Five minutes earlier, I saw my mother. Her bobbed hair. Her height. A coat she would wear. Her then. In front of me, she walked away from me as I told myself it was not her. She has no reason to visit this out of season coastal town perched on the southernmost edge of the country. No, she is safe over the border and it is not her and in any case, this version is 11 years out of date. It has been a over a decade since I last saw her like this, this is some poorer version of her, sent to trick me for a moment into believing that there she is, in front of me, and maybe it’s no accident that this accidental way of meeting is how I often think I see her, since meeting on purpose is firmly and forever out the equation. I have heard the same happens to the recently bereaved. Only this is not recent. And I am not bereaved. Not really, just deprived of her. Robbed of her. Best not linger. Not her. Just a woman in a crowd, walking away from me.
Do. Not. Linger.
Watch instead the children attacking the incoming waves with stones. These children of mine are possessed with an almost manic energy. They are not gentle children. They are not often quiet. They require long walks, much running around, lengthy conversations to answer all their questions, in short, they are much like all children, moving towards the world and away from me. This pleases me, in the main, and yet earlier, when the boys were close to the waves on this rapidly sloping beach, I felt a fear I have not known since they were little. Only 17 months between them, I used to dream repeatedly of one running one way and the other the other, both towards the road, and I had a split second to choose between them and how do you choose a thing like that?
I shout to the younger one, instructing him to face the waves so at least he can see them coming. He doesn’t hear above their roar. I run down to where the three of them stand laughing, instructing the weaves to stop at their feet which miraculously they seem to, so regularly the children become convinced they are possessed of messianic powers and the sea here is not the sea at home.

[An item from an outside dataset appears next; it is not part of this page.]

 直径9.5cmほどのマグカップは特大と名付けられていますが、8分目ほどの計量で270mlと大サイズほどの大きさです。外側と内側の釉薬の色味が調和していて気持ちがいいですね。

It is fuller here. The tide strange, curling along the beach. I am used to bays. To grey seas. To sand, not shingle. I am also used to walking along the beach on wet days and sunny days and fierce days and all the days in between as I realise my children will now be too. So long, since they last saw the sea when we lived in London. The sea, the only thing my family has in common on both sides. Everything else, half; half Scottish, half South African, half Christian, half Jewish. How are you meant to feel whole with a legacy like that? The sea, the uniting factor. My father, on South Africa’s east coast, and my mother, living on a Scottish island measuring ten miles by two.

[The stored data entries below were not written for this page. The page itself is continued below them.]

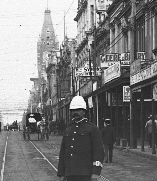 - State Library of Western Australia; Hay Street east from William Street with a policeman directing traffic in the intersection [picture]; E. G. Rome; 1906; Call Number: 009963PD.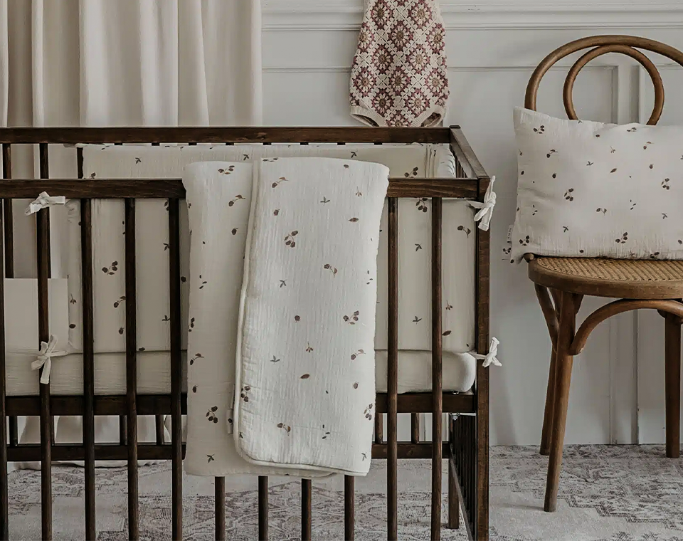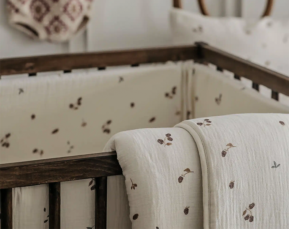 הסט מכיל: סדין למיטת תינוק/מיטת מעבר, מגן ראש מתכבס, שמיכה גדולה רב עונתית.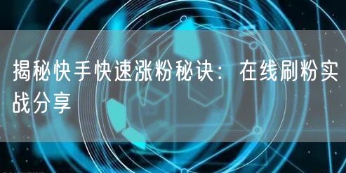 揭秘快手快速涨粉秘诀:在线刷粉实战分享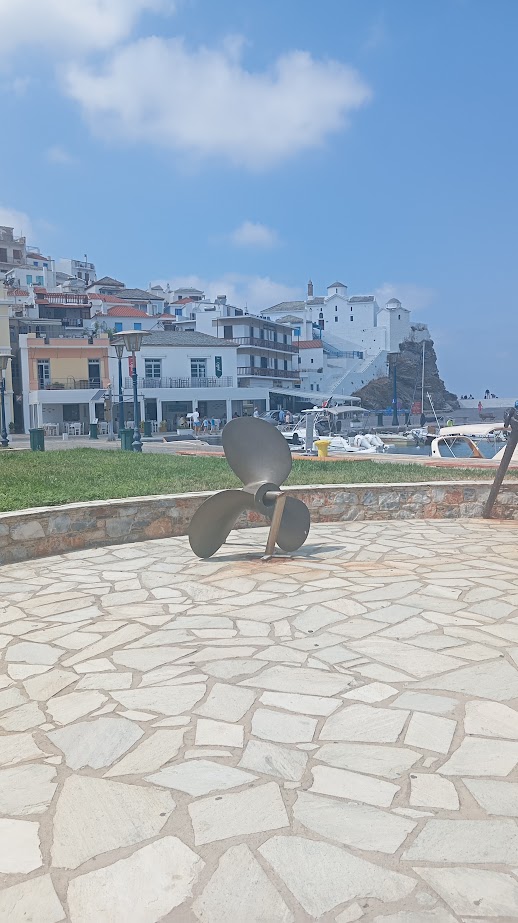 Την ίδια περίοδο, πλαισιώνοντας τον χώρο, τοποθετήθηκαν δύο άγκυρες τύπου Αγγλικού Ναυαρχείου, οι οποίες εντοπίστηκαν στη λιμενολεκάνη της Σκοπέλου και ανήκαν σε σκοπελίτικα ιστιοφόρα που συμμετείχαν στην Ελληνική Επανάσταση του 1821. Παράλληλα, προστέθηκαν και δύο κανόνια της ίδιας εποχής, που αποτελούσαν τμήμα της αμυντικής οχύρωσης της παραλιακής ζώνης του νησιού.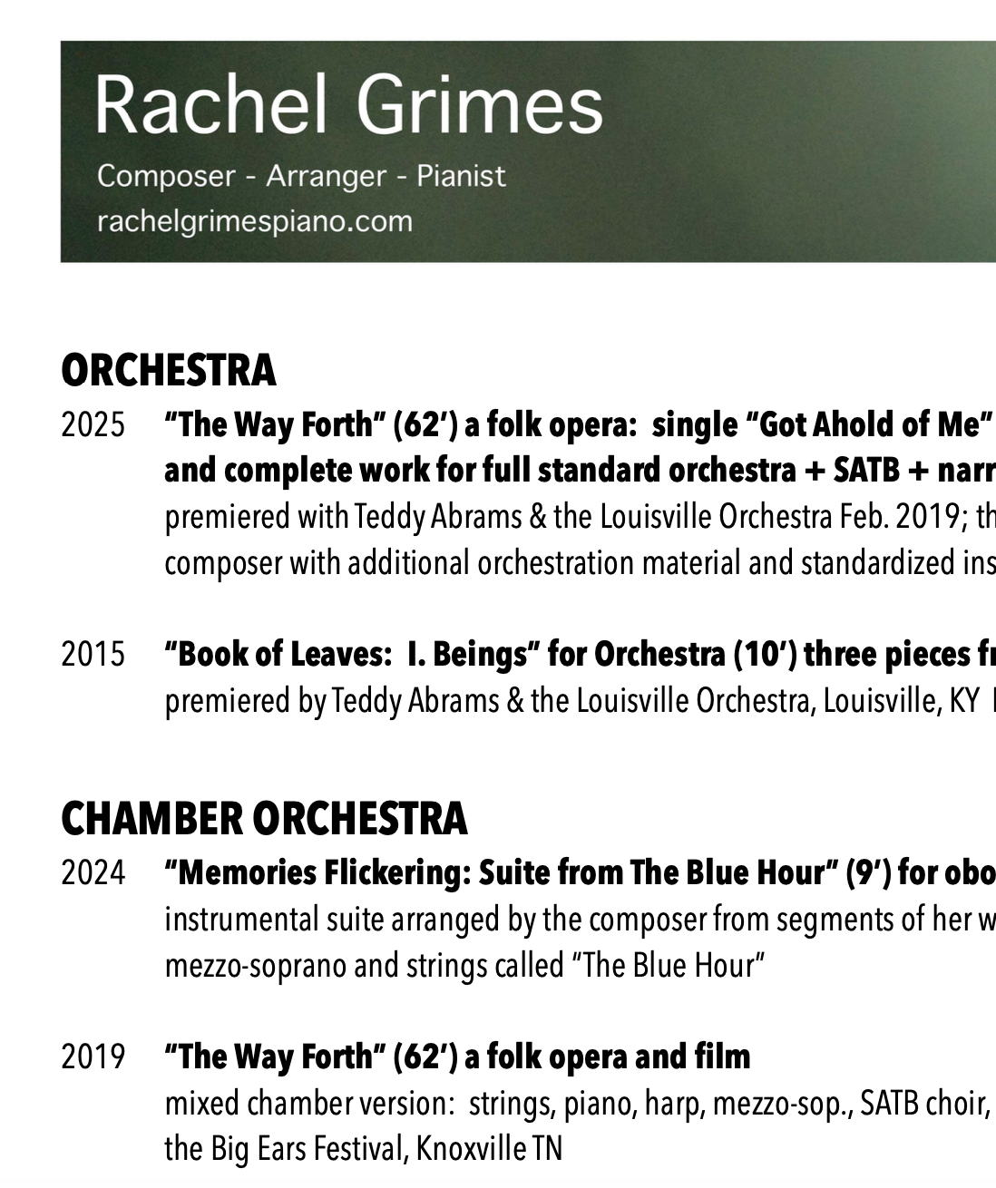 A – WORKS: Rachel Grimes – PDF $0.00 Complete works PDF 2025 A - WORKS: Rachel Grimes - PDF quantity Add to cart Categories: Chamber ensemble, Orchestra, Piano, Rachel's, SATB, Sheet Music Related products Music for Egon Schiele: Wally, Egon & Models in the Studio (C Transcription): for Cello + Piano – PDF Score + Parts $15.00 Add to cart May the Night: for SATB A Cappella Choir – PDF $10.00 Add to cart Music For Egon Schiele: A Suite for Violin, Cello + Piano – PDF Score + Parts $40.00 Add to cart Esperanza: for Clarinet, Horn + Strings – PDF Score + Parts $25.00 Add to cart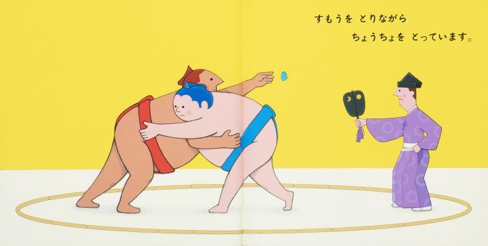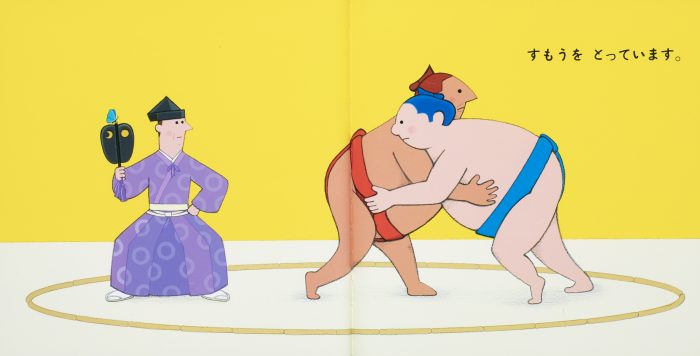 おすもうさんが すもうを 「とっています」。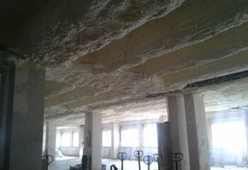 Výrobní hala, na kterou přímo navazují v 1 NP kanceláře. V kancelářích hluk způsobený provozem, v místech s dilatační spárou se přenáší 80% hluku, rezonance celého prostoru.Strop: betonový monolit.

I am writing about this island now, although I hated it for years, having seen it at the worst time of years, surrounded by mist and filled only with damp. Leave a place and it’s suddenly all you’re able to write about. These places, they teach us things. This isolation showed me how big the world was. The sea exposing horizons; over it, somewhere else. This island, John McPhee also wrote about. His writing is so good, it has made me scared to write about it. Next year I will return to visit it and maybe I will still hate it, but maybe I will not. I remember its sandy beaches, white as any you’ll find elsewhere, the blue of the sea warmed by the gulf stream and the elation of learning to swim. I remember the causeway between the two islands, Colonsay and Oransay and the car almost being stuck there, and the way this disrupted scale, Colonsay suddenly acquiring the status of mainland. An island dwelling friend pointed out earlier this year that when you live on an island, everywhere else is The Mainland. England, US, Finland, South Africa; all is elsewhere; The Island, the centre of the known world, The Mainland, the outsider. I like playing with this idea.

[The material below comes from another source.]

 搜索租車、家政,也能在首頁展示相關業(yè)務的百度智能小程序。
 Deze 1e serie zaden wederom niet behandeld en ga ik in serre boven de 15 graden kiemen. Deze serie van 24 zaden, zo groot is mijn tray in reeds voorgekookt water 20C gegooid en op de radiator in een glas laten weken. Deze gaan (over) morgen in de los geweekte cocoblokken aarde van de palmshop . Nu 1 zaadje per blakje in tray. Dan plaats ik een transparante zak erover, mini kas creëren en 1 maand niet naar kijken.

What it must be like to be a baby surrounded only by sea, I do not know. What it must be like for this to be the bounds of your known world until you are three, I do not know. This is why I am now imagining it, in part another way of returning to my mother. I am a tyrant in this way, even when I am not writing directly about her, she is there. She left the island when she was three and a half as she used to say and maybe still does, recalling the fact of her third birthday in the sand dunes which I would say surely she can’t remember but I remember three and who am I to say she cannot, must not remember this celebration. I am not sure she ever recovered from leaving. She has been making an island of herself ever since.
(I missed yesterday, because an insistent child borrowed my laptop and typing on my phone was beyond my tired little mind. Scabbled to make it today, but just did. This is really much harder than it looks, but also really good discipline.)
My favourite one yet, Ali. Keep going.
"They are not gentle children. They are not often quiet. They require long walks, much running around, lengthy conversations to answer all their questions..."
My children are like this too, haha.